What you should do: An exact transcription of all the entries is needed; pictures stay out.
■ ■ ■ ■
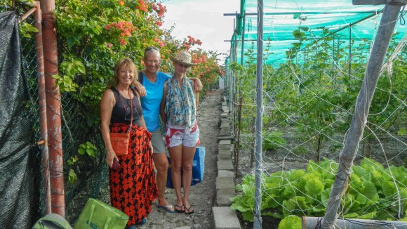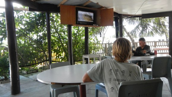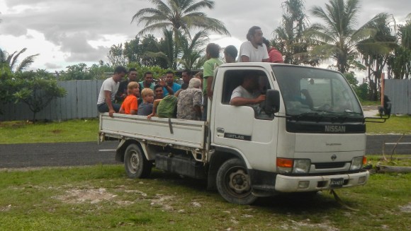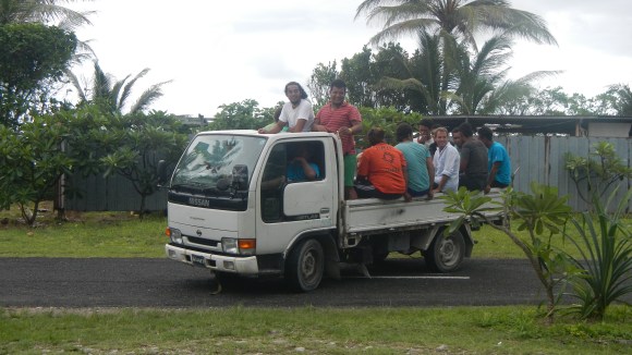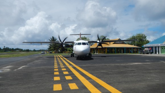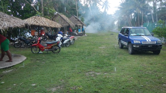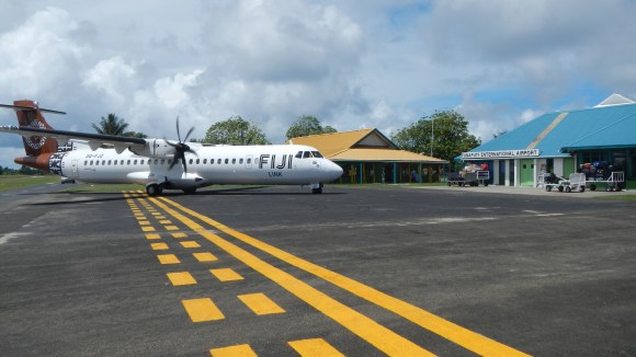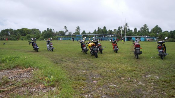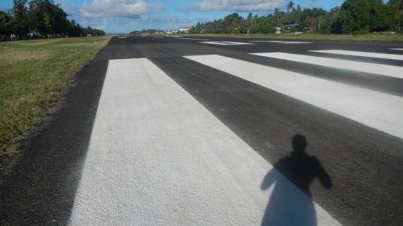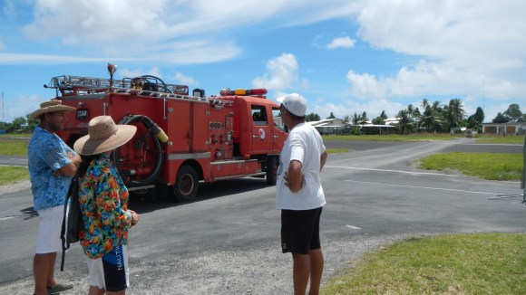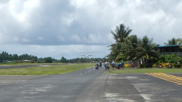 I love this place! To write about everything we’ve been doing and seeing would take a couple pages, so let me just share about the airstrip here. The island is long and skinny and slightly boomerang shaped, and there is an international airport right in the middle of it. A plane comes from Fiji twice a week, and all other times the runway serves as a place of fun and activity for everyone. One of our first evenings here, Tim and I went for a walk before having dinner on shore, and there were rugby and soccer games going on, people running and walking, and people on their scooters buzzing down the runway. Then it’s always big excitement when the plane comes, and we caught the bug and went ashore to watch the plane land. A fire engine sounds three sirens to warn people to clear the runway because the plane is coming, and even then there are scooters crossing at the last minute. We stood right, and I mean right on the edge of the runway as the plane landed. Where else can you can you do something like that at an international airport?
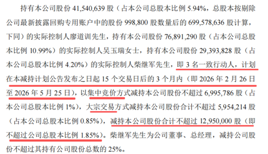 2026年1月28日,公司发布的《关于实际控制人减持公司股份的预披露公告》显示,廖道训、吴玉瑞、柴继军三人因自身资金需求计划在2026年2月26日-2026年5月25日,通过集中竞价和大宗交易的方式合计减持公司不超过1295万股(占公司总股本的1.85%)股份。届时,到手几个小目标不成问题。
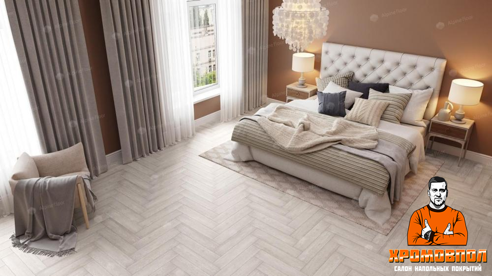 Alpine Floor Parquet Light — коллекция водостойкого и износостойкого напольного покрытия 43 класса (защитный слой 0,55 мм), который можно укладывать дома, в промышленных и высокопроходимых общественных помещениях. Коллекция выполнена на каменно-полимерной плите (SPC). SPC — последнее поколение виниловых полов, композит из кальция и винила, как связующего материала. Материал высокой плотности, термостабильнее других видов виниловой плитки, не боится воды и способен выдерживать высокую нагрузку на замки. Parquet Light имеет замковую систему позволяющие производить укладку елочкой без использования клея. В качестве основания может служить практически любое твердое основание: деревянный пол, керамическая плитка, фанера, OSB, ДСП, несыпучая стяжка, наливной пол и т.д. Можно укладывать на любой теплый пол, но температура нагрева не должна превышать +27 °C.
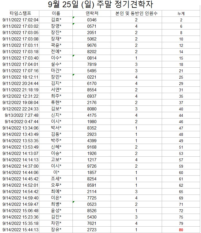 2022년 9월 25(일) 주말 정기견학 대상자 명단을 다음과 같이 올려드립니다!
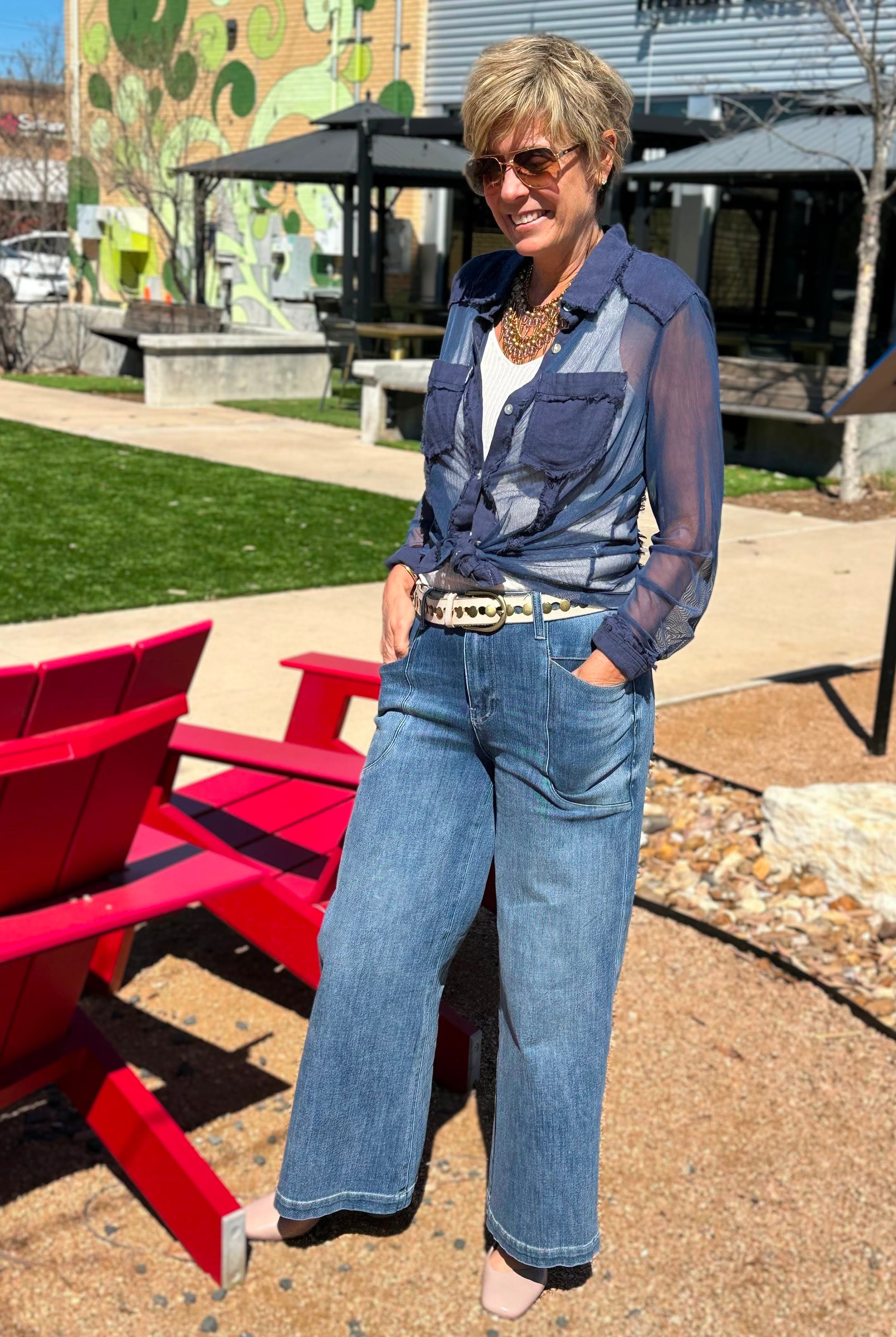 This versatile mesh sheer button-up top is the ultimate layering essential for effortless style. Wear it solo over a tank with your favorite pants, or drape it elegantly over a bias-cut satin slip dress for an elevated look. The rich navy hue brings depth and sophistication, while the sheer mesh fabric adds an edgy, modern edge that works for both casual and dressed-up occasions. A perfect for fashion-forward piece that transitions seamlessly through your wardrobe.
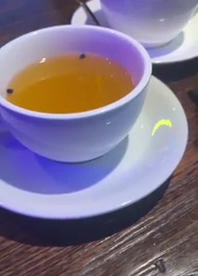 two cups of tea on a wooden table, with a teapot set down next to them. One of the tea cups has a few small, dark objects floating in it. The camera then shows a woman sitting at the table. She has short dark hair and is wearing a dark red sweatshirt. The scene appears to be indoors, likely in a cafe or restaurant, with a dark blue ambiance.
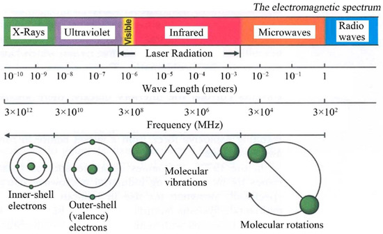 The electromagnetic spectrum showing characteristics of microwaves. Reprinted with permission from [428], Copyright © 2014 Rana et al. and Open Access Library Journal, Article licensed under a CC BY 4.0, https://creativecommons.org/licenses/by/4.0/.
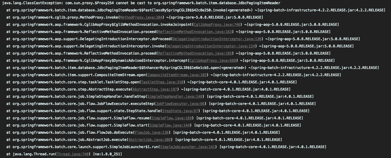 java.lang.ClassCastException: com.sun.proxy.$Proxy254 cannot be cast to org.springframework.batch.item.database.JdbcPagingItemReader
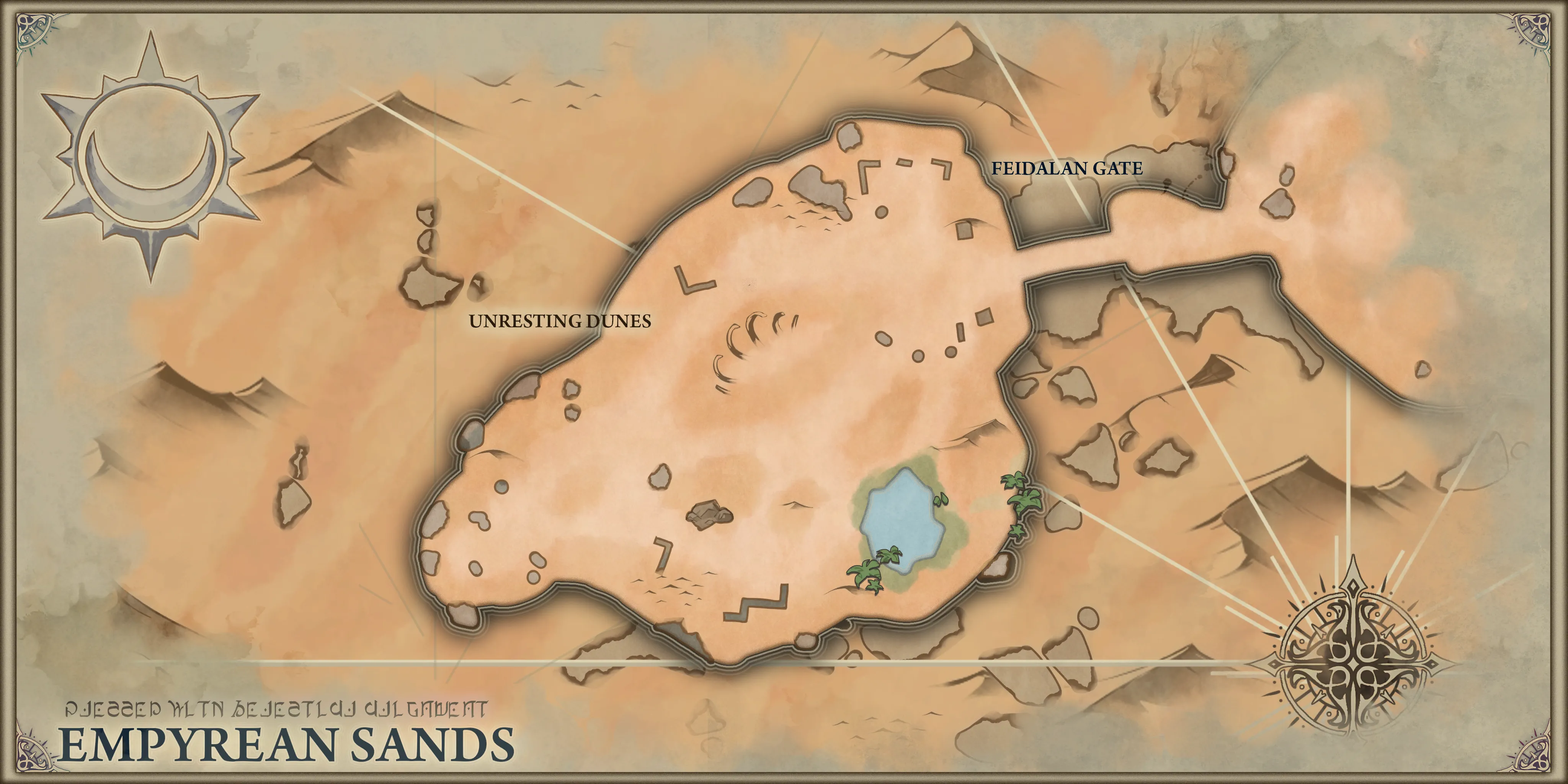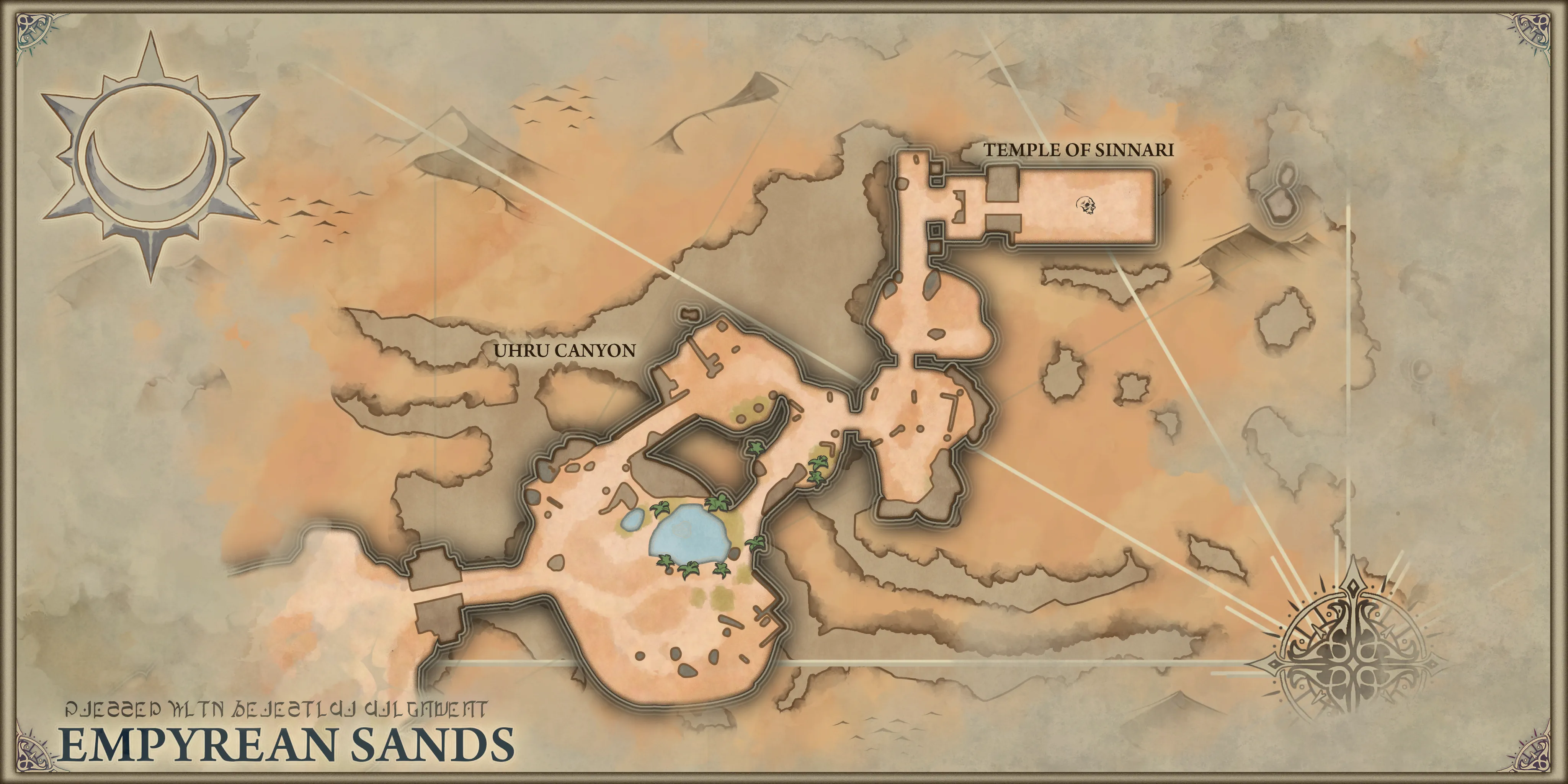 Empyrean Sands is set among sandy dunes and the ruins of an ancient temple. At the heart of the temple, Sin-Magir rises in the night, empowered by the constellations and light of the moon. His followers gather within the dunes nearby, threatening to discover the celestial relic that would restore their empire.
■ ■ ■ ■
Completed exercise:
 I love this place! To write about everything we’ve been doing and seeing would take a couple pages, so let me just share about the airstrip here. The island is long and skinny and slightly boomerang shaped, and there is an international airport right in the middle of it. A plane comes from Fiji twice a week, and all other times the runway serves as a place of fun and activity for everyone. One of our first evenings here, Tim and I went for a walk before having dinner on shore, and there were rugby and soccer games going on, people running and walking, and people on their scooters buzzing down the runway. Then it’s always big excitement when the plane comes, and we caught the bug and went ashore to watch the plane land. A fire engine sounds three sirens to warn people to clear the runway because the plane is coming, and even then there are scooters crossing at the last minute. We stood right, and I mean right on the edge of the runway as the plane landed. Where else can you can you do something like that at an international airport?
 2026年1月28日,公司发布的《关于实际控制人减持公司股份的预披露公告》显示,廖道训、吴玉瑞、柴继军三人因自身资金需求计划在2026年2月26日-2026年5月25日,通过集中竞价和大宗交易的方式合计减持公司不超过1295万股(占公司总股本的1.85%)股份。届时,到手几个小目标不成问题。
 Alpine Floor Parquet Light — коллекция водостойкого и износостойкого напольного покрытия 43 класса (защитный слой 0,55 мм), который можно укладывать дома, в промышленных и высокопроходимых общественных помещениях. Коллекция выполнена на каменно-полимерной плите (SPC). SPC — последнее поколение виниловых полов, композит из кальция и винила, как связующего материала. Материал высокой плотности, термостабильнее других видов виниловой плитки, не боится воды и способен выдерживать высокую нагрузку на замки. Parquet Light имеет замковую систему позволяющие производить укладку елочкой без использования клея. В качестве основания может служить практически любое твердое основание: деревянный пол, керамическая плитка, фанера, OSB, ДСП, несыпучая стяжка, наливной пол и т.д. Можно укладывать на любой теплый пол, но температура нагрева не должна превышать +27 °C.
 2022년 9월 25(일) 주말 정기견학 대상자 명단을 다음과 같이 올려드립니다!
 This versatile mesh sheer button-up top is the ultimate layering essential for effortless style. Wear it solo over a tank with your favorite pants, or drape it elegantly over a bias-cut satin slip dress for an elevated look. The rich navy hue brings depth and sophistication, while the sheer mesh fabric adds an edgy, modern edge that works for both casual and dressed-up occasions. A perfect for fashion-forward piece that transitions seamlessly through your wardrobe.
 two cups of tea on a wooden table, with a teapot set down next to them. One of the tea cups has a few small, dark objects floating in it. The camera then shows a woman sitting at the table. She has short dark hair and is wearing a dark red sweatshirt. The scene appears to be indoors, likely in a cafe or restaurant, with a dark blue ambiance.
 The electromagnetic spectrum showing characteristics of microwaves. Reprinted with permission from [428], Copyright © 2014 Rana et al. and Open Access Library Journal, Article licensed under a CC BY 4.0, https://creativecommons.org/licenses/by/4.0/.
 java.lang.ClassCastException: com.sun.proxy.$Proxy254 cannot be cast to org.springframework.batch.item.database.JdbcPagingItemReader
 Empyrean Sands is set among sandy dunes and the ruins of an ancient temple. At the heart of the temple, Sin-Magir rises in the night, empowered by the constellations and light of the moon. His followers gather within the dunes nearby, threatening to discover the celestial relic that would restore their empire.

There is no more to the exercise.